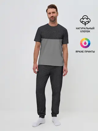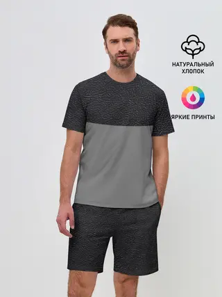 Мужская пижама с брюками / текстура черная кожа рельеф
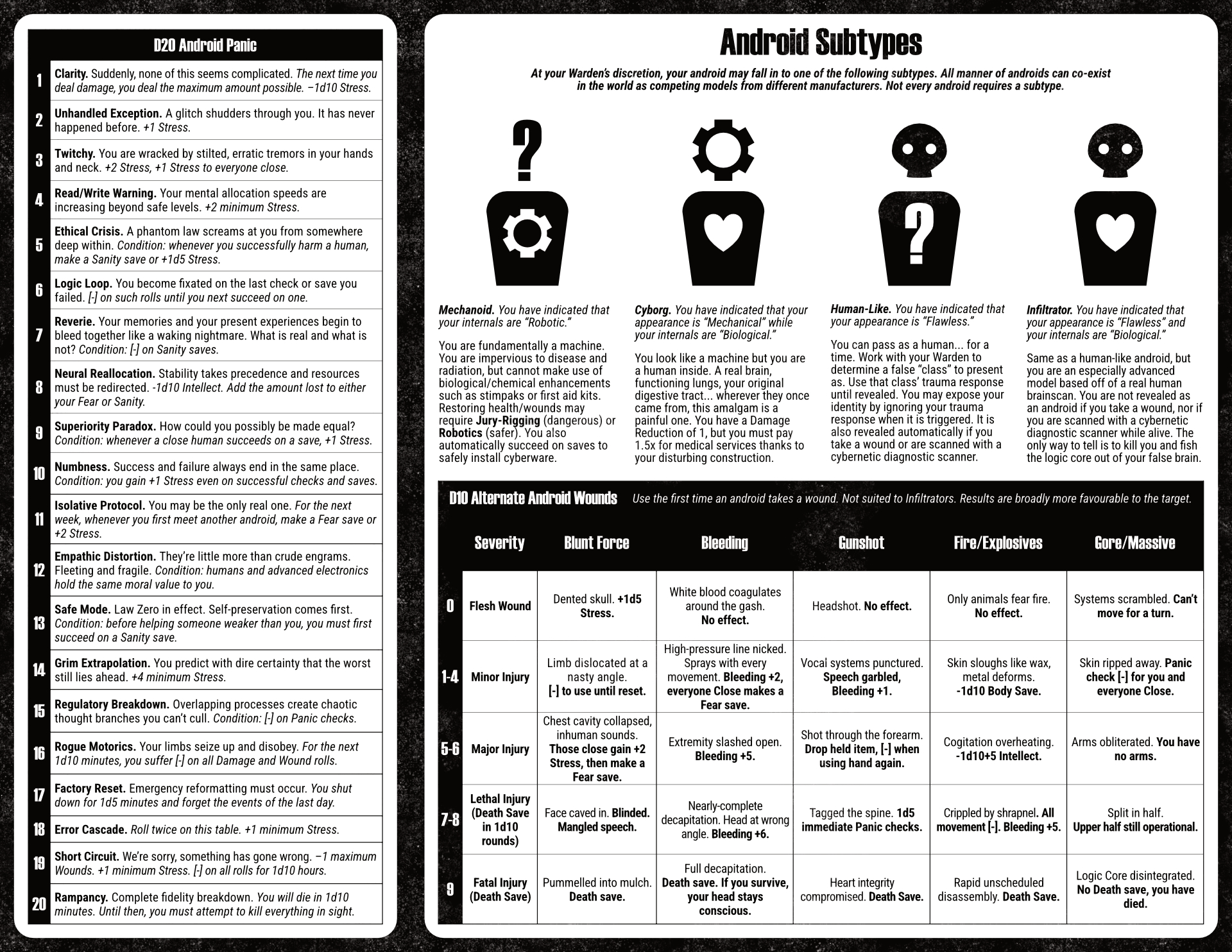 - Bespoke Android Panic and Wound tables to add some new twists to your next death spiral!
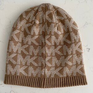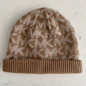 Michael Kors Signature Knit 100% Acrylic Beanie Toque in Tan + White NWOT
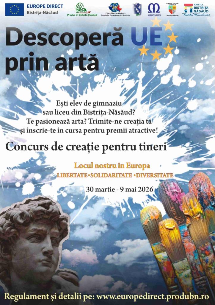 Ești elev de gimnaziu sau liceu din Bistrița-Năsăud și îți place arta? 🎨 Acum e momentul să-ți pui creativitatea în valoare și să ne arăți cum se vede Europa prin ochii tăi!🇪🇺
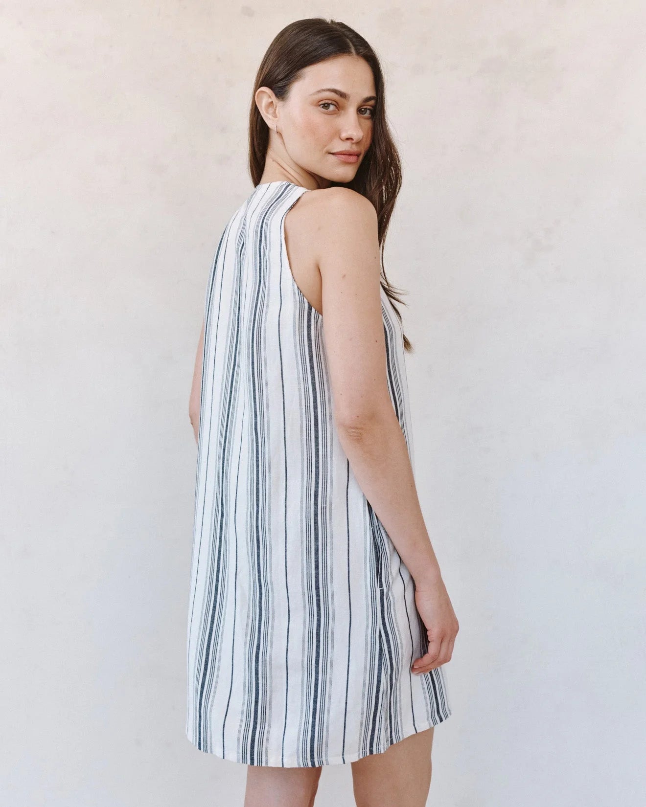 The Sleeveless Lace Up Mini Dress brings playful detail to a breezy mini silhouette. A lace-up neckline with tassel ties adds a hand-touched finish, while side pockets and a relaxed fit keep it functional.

◆ ◆ ◆ ◆

[What needs to be done]: What is needed here is an exact copy of the lines from the line containing "Michael Kors Signature" through the end of the records, with every picture left out.

[Your response]:
 Michael Kors Signature Knit 100% Acrylic Beanie Toque in Tan + White NWOT
 Ești elev de gimnaziu sau liceu din Bistrița-Năsăud și îți place arta? 🎨 Acum e momentul să-ți pui creativitatea în valoare și să ne arăți cum se vede Europa prin ochii tăi!🇪🇺
 The Sleeveless Lace Up Mini Dress brings playful detail to a breezy mini silhouette. A lace-up neckline with tassel ties adds a hand-touched finish, while side pockets and a relaxed fit keep it functional.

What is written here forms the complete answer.